* [What to do]:
Your output should match the listing below word for word, without any images.

Start of Source material

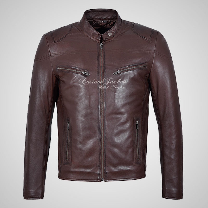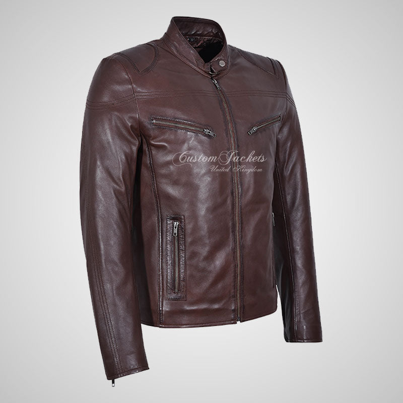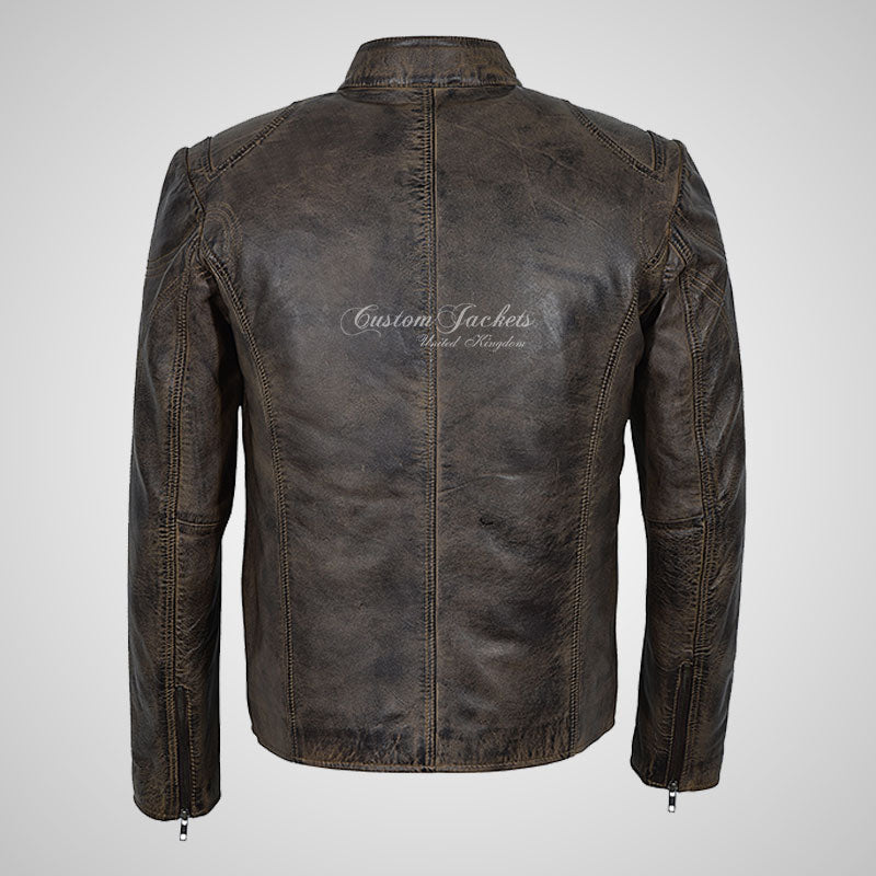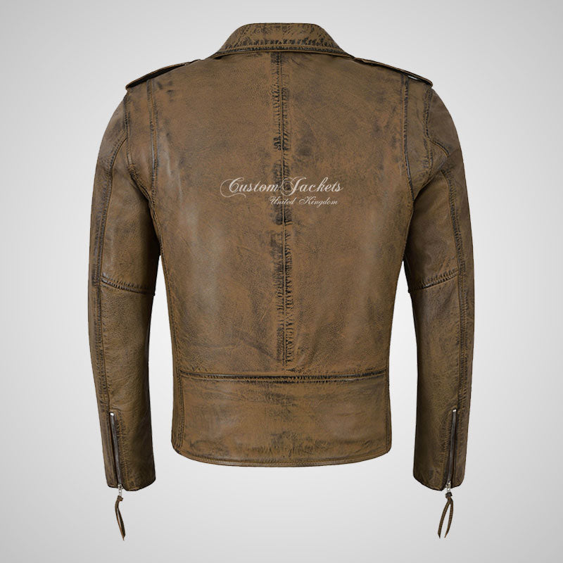 MARLON BRANDO Style Mens Biker Leather Jacket Casual Fashion Jacket - color variant: Mud
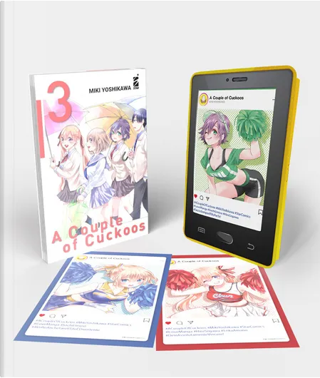 In allegato 3 illustration card e un portacartoline esclusivo progettato per raccogliere anche le 3 illustration card contenute in "A couple of cuckoos early premiere". Nagi Umino, diligente studente liceale, vede la sua tranquilla quotidianità messa sottosopra quando scopre di essere stato vittima di uno scambio di culle, e che pertanto quelli che l'hanno cresciuto non sono realmente i suoi veri genitori. Ma qui le cose si fanno più complicate: lo stesso giorno in cui ha preso appuntamento per incontrare la sua famiglia biologica, conosce casualmente la superstar dei social Erika Amano, e accetta di fingersi il suo fidanzato per salvarla da un matrimonio combinato – nonostante sia in realtà innamorato della brillante compagna di classe Hiro. Ma quando finalmente incontra i genitori mai conosciuti, le cose si fanno ancor più complicate: Erika altri non è se non l'altra vittima dello scambio di culle, figlia biologica dei suoi genitori adottivi! E il suo promesso sposo altri non è che... Nella casa in cui convivono Nagi ed Erika, arriva anche la sorellina Sachi. Nagi cerca di convincerla a tornare dai genitori e tra di loro scoppia una grossa lite, ma in realtà Sachi non è riuscita a dirgli che vuole solo passare un po' più di tempo insieme a lui. Dopo l'appuntamento al parco divertimenti con Hiro, la ragazza di cui Nagi è innamorato, sembra che anche con Erika le cose stiano rapidamente cambiando. Cosa succederà a questo quadrangolo amoroso che ogni giorno si fa sempre più complicato?
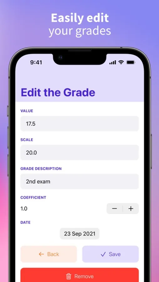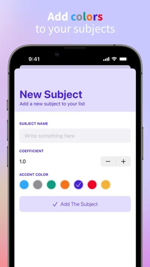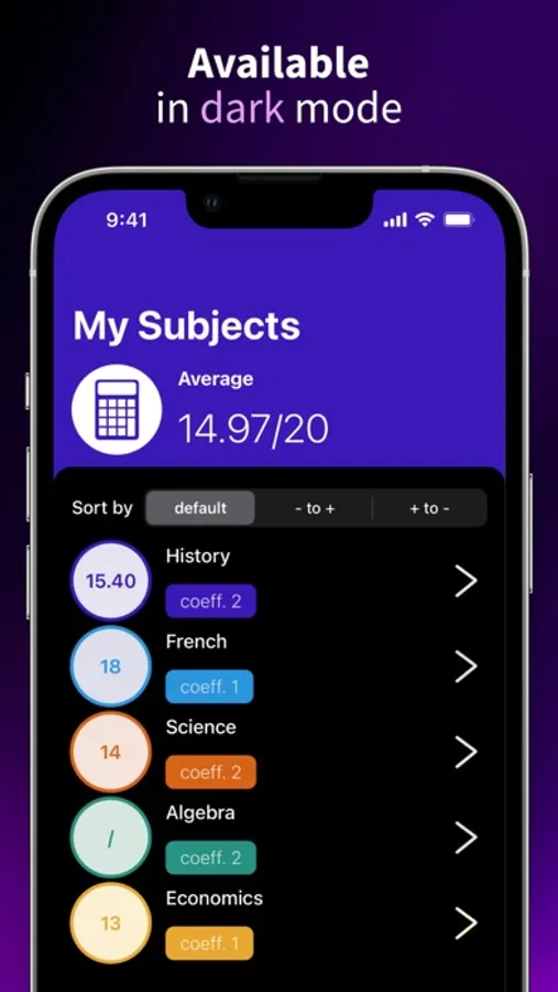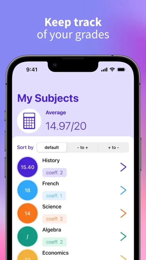 Save all your subjects, then add your grades. The app computes your overall average and the average of each subject.
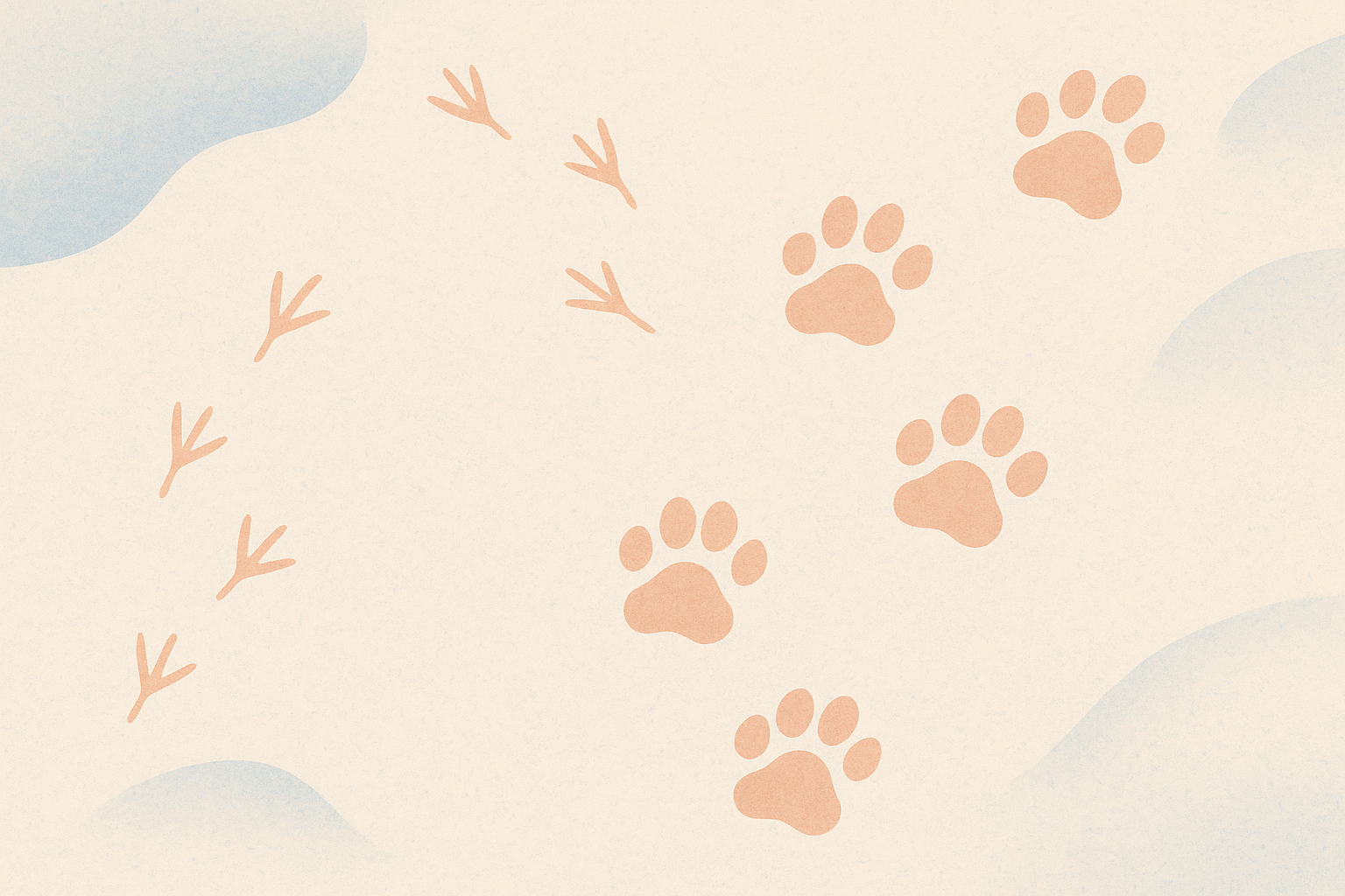 Fond beige clair avec dégradé blanc évoquant un paysage enneigé, orné d’empreintes stylisées de lapin vert d’eau, d’oiseau beige clair et de patte de mammifère brun sable. Design minimaliste, doux et pastel, avec des formes arrondies et une composition équilibrée en bas de l’image, laissant un grand espace vide pour le texte.

End of Source material

* [Your response]:
 MARLON BRANDO Style Mens Biker Leather Jacket Casual Fashion Jacket - color variant: Mud
 In allegato 3 illustration card e un portacartoline esclusivo progettato per raccogliere anche le 3 illustration card contenute in "A couple of cuckoos early premiere". Nagi Umino, diligente studente liceale, vede la sua tranquilla quotidianità messa sottosopra quando scopre di essere stato vittima di uno scambio di culle, e che pertanto quelli che l'hanno cresciuto non sono realmente i suoi veri genitori. Ma qui le cose si fanno più complicate: lo stesso giorno in cui ha preso appuntamento per incontrare la sua famiglia biologica, conosce casualmente la superstar dei social Erika Amano, e accetta di fingersi il suo fidanzato per salvarla da un matrimonio combinato – nonostante sia in realtà innamorato della brillante compagna di classe Hiro. Ma quando finalmente incontra i genitori mai conosciuti, le cose si fanno ancor più complicate: Erika altri non è se non l'altra vittima dello scambio di culle, figlia biologica dei suoi genitori adottivi! E il suo promesso sposo altri non è che... Nella casa in cui convivono Nagi ed Erika, arriva anche la sorellina Sachi. Nagi cerca di convincerla a tornare dai genitori e tra di loro scoppia una grossa lite, ma in realtà Sachi non è riuscita a dirgli che vuole solo passare un po' più di tempo insieme a lui. Dopo l'appuntamento al parco divertimenti con Hiro, la ragazza di cui Nagi è innamorato, sembra che anche con Erika le cose stiano rapidamente cambiando. Cosa succederà a questo quadrangolo amoroso che ogni giorno si fa sempre più complicato?
 Save all your subjects, then add your grades. The app computes your overall average and the average of each subject.
 Fond beige clair avec dégradé blanc évoquant un paysage enneigé, orné d’empreintes stylisées de lapin vert d’eau, d’oiseau beige clair et de patte de mammifère brun sable. Design minimaliste, doux et pastel, avec des formes arrondies et une composition équilibrée en bas de l’image, laissant un grand espace vide pour le texte.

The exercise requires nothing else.